5. Chip-Based Rapid Sensing

In chip-based biosensors, the sensing layer is created over a thin metal (50 nm)–coated glass substrate, and the analyte to be recognized flows through a microfluidic channel near the sensing layer [33]. As mentioned, these chip-based sensors have many benefits, including label-free detection, dynamic measurement of binding–unbinding kinetics to watch the reaction mechanism occurring over the sensing surface, and high sensitivity [39]. Microfluidics, for example, can be integrated with chip-based substrates that are highly sensitive, repeatable, and miniaturized [36]. Chip-based biosensors are appropriate for microfluidics-based methods, which allow mixing, filtering, and detection to be carried out on the same chip by adjusting tiny amounts of liquid. The DNA of Ganoderma boninense, a pathogenic fungus that infects oil palm trees in Malaysia, was extracted using a microfluidic chip device [40]. The increasing research and development in this area have demonstrated its potential for real-time evaluation and mobility, as well as prospective future works in terms of the improvement of multiple biosensors and multiple pathogen detection in a single-chip platform [40][41].

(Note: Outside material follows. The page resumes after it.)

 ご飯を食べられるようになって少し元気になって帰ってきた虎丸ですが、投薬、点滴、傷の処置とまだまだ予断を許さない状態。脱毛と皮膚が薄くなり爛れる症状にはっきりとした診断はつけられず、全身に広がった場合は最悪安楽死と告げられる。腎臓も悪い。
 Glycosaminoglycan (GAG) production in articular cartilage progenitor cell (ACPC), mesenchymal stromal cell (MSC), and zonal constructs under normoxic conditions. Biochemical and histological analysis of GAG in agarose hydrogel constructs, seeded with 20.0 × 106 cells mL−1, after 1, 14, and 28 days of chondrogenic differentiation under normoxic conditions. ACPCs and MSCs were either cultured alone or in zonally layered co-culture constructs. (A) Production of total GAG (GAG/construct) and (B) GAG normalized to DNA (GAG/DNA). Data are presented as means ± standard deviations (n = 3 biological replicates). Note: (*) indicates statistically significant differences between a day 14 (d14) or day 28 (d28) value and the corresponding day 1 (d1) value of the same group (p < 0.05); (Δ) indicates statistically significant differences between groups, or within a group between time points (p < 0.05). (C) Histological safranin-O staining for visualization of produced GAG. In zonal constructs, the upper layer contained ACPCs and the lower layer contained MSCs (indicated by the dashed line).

6. Electrochemical Sensing

In electrochemical-based biosensors, a molecular recognition coating and an electrochemical transducer, which transforms biological data obtained from a connecting event into an electrical signal and then displays them on a readout device, are two main components [42]. Different types and forms of nanomaterials and nanocomposites could be used in electrochemical biosensors to improve the sensitivity of the detection mechanisms and to give better detection limits through various tactics [4][43]. Microfluidic systems and electrochemical biosensors can be integrated to provide miniaturized components on a single platform [44]. The urediniospores of soybean rust fungi were detected with aptamer-based sensitive electrochemical sensing. For this, spore-bound aptamer units were incubated with a streptavidin–alkaline phosphatase agent, leading to the enzymatic formation of p-nitrophenol, which is characterized by its unique electrochemical properties [45]. Regarding the electrochemical nano-biosensor of bacterial species, recently, an electrochemical-based immune sensor was manufactured for the detection of Escherichia coli O157:H7 (E. coli O157:H7) using cyclic voltammetry (CV) with the combination of nanomaterials [21][46]. An electrochemical-derived impedance immune sensor for the detection of strained Staphylococcus aureus was also introduced [47].

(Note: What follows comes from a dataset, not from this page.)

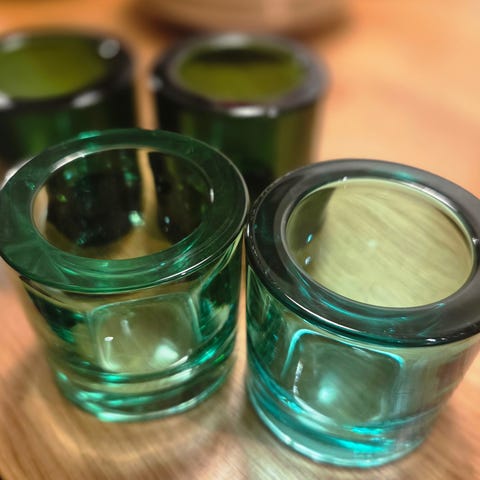 Marimekko skål på fod i ravfarvet glas. Skålen er udført i presset glas med rillet og prikket mønster samt bølget kant. Den står på en rund, riflet fod, som giver god stabilitet. Velegnet som serveringsskål til slik, snacks, frugt eller som dekoration. Marimekko-logo er indstøbt i glasset i bunden af skålen.

Electrochemical methods, such as electrochemical impedance spectroscopy (EIS), differential pulse voltammetry (DPV), cyclic voltammetry (CV), square wave voltammetry (SWV), and amperometry, have been implemented for pathogen detection and identification [48]. Nanomaterials or polymers have been normally applied with these methods to improve signals. Figure 3 defines the fundamental principle of the electrochemical-based nanosensor techniques for any kind of desired analyte.
Figure 3. Pictorial representation of the fundamental process of the electrochemical-based nanosensor.

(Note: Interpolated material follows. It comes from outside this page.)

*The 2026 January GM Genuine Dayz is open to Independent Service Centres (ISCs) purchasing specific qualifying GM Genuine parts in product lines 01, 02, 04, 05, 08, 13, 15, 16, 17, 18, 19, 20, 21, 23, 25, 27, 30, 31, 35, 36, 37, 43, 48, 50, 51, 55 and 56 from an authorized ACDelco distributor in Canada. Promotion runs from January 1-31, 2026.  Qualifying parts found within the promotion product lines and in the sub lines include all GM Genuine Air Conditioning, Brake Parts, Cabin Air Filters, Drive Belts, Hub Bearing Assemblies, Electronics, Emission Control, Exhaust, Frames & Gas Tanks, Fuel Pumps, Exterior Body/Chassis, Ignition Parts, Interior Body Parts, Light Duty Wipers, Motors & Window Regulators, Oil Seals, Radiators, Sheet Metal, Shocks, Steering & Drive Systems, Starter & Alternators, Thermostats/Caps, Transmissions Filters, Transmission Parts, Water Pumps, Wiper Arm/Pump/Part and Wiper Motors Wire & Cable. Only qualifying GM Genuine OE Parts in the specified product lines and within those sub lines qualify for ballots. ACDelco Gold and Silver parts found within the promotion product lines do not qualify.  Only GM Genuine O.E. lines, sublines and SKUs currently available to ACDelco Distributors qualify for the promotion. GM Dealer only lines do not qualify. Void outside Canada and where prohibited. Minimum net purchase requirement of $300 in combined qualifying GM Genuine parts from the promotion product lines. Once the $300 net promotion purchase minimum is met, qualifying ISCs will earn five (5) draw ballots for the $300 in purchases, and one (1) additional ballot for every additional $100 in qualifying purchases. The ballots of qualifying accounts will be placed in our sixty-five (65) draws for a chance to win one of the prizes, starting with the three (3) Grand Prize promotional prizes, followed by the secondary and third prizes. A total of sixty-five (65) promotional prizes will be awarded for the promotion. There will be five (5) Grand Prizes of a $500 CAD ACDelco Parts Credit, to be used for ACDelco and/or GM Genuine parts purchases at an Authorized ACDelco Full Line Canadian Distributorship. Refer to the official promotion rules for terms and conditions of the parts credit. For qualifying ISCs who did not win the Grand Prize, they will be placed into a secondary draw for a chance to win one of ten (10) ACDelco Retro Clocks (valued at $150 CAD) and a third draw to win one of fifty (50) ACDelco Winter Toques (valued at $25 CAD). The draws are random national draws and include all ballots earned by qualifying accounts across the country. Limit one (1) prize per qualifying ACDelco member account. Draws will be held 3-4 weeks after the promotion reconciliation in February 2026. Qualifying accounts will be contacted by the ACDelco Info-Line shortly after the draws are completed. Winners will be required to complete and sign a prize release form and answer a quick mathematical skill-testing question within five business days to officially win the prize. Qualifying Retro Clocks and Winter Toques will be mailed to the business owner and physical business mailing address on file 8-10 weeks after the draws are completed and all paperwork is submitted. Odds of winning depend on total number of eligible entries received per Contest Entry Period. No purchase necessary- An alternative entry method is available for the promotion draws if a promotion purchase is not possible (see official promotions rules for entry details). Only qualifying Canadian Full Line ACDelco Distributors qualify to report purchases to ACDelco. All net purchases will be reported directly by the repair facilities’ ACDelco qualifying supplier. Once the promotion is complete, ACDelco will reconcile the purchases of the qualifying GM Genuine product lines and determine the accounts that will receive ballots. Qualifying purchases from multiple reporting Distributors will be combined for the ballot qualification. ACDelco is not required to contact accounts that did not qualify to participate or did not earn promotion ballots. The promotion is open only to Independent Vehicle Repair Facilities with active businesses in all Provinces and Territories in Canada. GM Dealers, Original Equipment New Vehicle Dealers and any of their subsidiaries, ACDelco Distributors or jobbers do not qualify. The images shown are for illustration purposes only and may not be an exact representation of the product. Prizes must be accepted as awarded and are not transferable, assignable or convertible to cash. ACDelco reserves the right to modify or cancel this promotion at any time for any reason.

Electrochemical-based platforms are the most successful biosensors, and they have been used for the detection and identification of huge numbers of biomarkers and the diagnosis of infectious diseases, including cancers [49]. Despite the advantages of electrochemical-based biosensors, there are a few problems associated, such as analyte detection and analyte loss during the transporting of the sample to the electrode surface [50][51]. By assessing the different applications and utility of these sensing techniques with plant pathogens, it was discovered that they are fast, sensitive, accurate, specific, and suitable for their portability. This can be applied with slight modifications to manufacture an efficient tool for the detection of Alternaria.